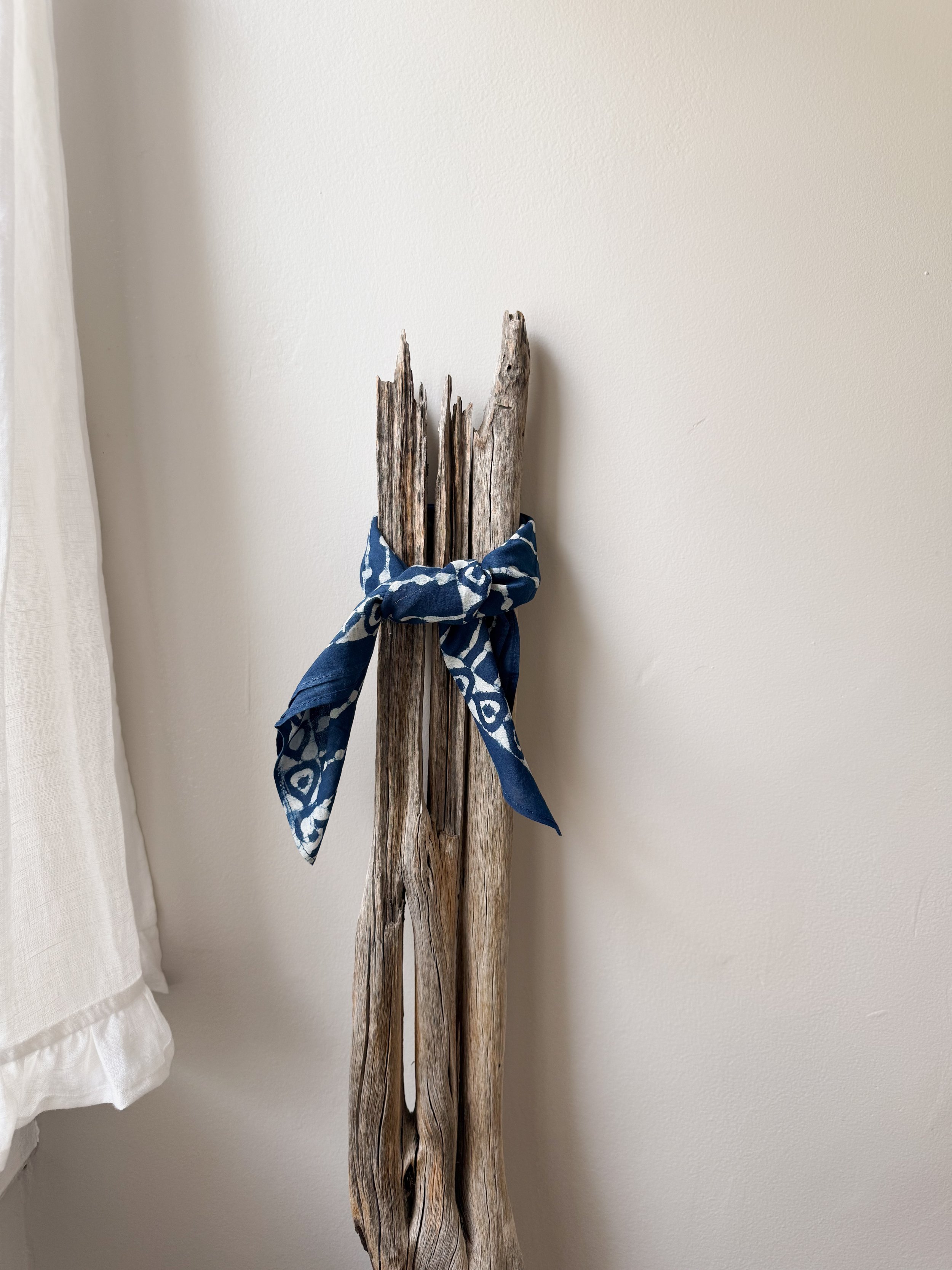 Discover the perfect blend of art and nature with our ultra soft cotton Block Printed Bandana inspired by our love for Indigo and leaves. Add a touch of rustic charm to your wardrobe with our favorite accessory. Handcrafted with all natural plant dyes.
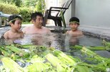 五泉市赤海の複合施設ラポルテ五泉に、市内の小学生が作ったこいのぼり飾りがお目見えした。館内には市内の村松地区伝統の「のぼり旗」も展示され、子どもたちの健やかな成長を願った飾りに、来館者は目を細めて見上げていた。
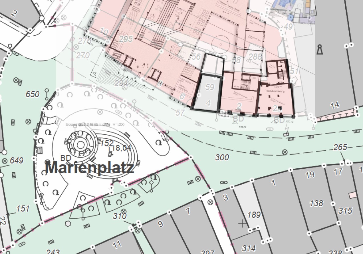 Nach Auskunft des Bürgermeisters wird die geplante Treppenanlage bis auf etwa vier Meter an die existierende Mauer am Marienplatz heranrücken. Der Bürgermeister habe jedoch klargestellt, dass sämtliche Angaben noch ungefähre Werte seien. Um einen Eindruck von der räumlichen Situation zu bekommen, haben die Grünen eine ungefähre Darstellung der neuen Situation erstellt (siehe Foto). Fraktionssprecher Dr. Klaus Schröder erläutert: „Auch da sind sicher noch deutliche Ungenauigkeiten drin, da wir uns nur an den vorhandenen Gebäuden orientieren konnten. Man sieht aber deutlich, wie die neue Anlage in die bestehende Fahrspur hineinragt. Die so notwendige Verlegung der Busspur führt dann zur Fällung der Linden.“
- - - - - - -
ACTION ITEM =
Return the material exactly as given above, picture-free.

EXERCISE OUTPUT =
 Discover the perfect blend of art and nature with our ultra soft cotton Block Printed Bandana inspired by our love for Indigo and leaves. Add a touch of rustic charm to your wardrobe with our favorite accessory. Handcrafted with all natural plant dyes.
 五泉市赤海の複合施設ラポルテ五泉に、市内の小学生が作ったこいのぼり飾りがお目見えした。館内には市内の村松地区伝統の「のぼり旗」も展示され、子どもたちの健やかな成長を願った飾りに、来館者は目を細めて見上げていた。
 Nach Auskunft des Bürgermeisters wird die geplante Treppenanlage bis auf etwa vier Meter an die existierende Mauer am Marienplatz heranrücken. Der Bürgermeister habe jedoch klargestellt, dass sämtliche Angaben noch ungefähre Werte seien. Um einen Eindruck von der räumlichen Situation zu bekommen, haben die Grünen eine ungefähre Darstellung der neuen Situation erstellt (siehe Foto). Fraktionssprecher Dr. Klaus Schröder erläutert: „Auch da sind sicher noch deutliche Ungenauigkeiten drin, da wir uns nur an den vorhandenen Gebäuden orientieren konnten. Man sieht aber deutlich, wie die neue Anlage in die bestehende Fahrspur hineinragt. Die so notwendige Verlegung der Busspur führt dann zur Fällung der Linden.“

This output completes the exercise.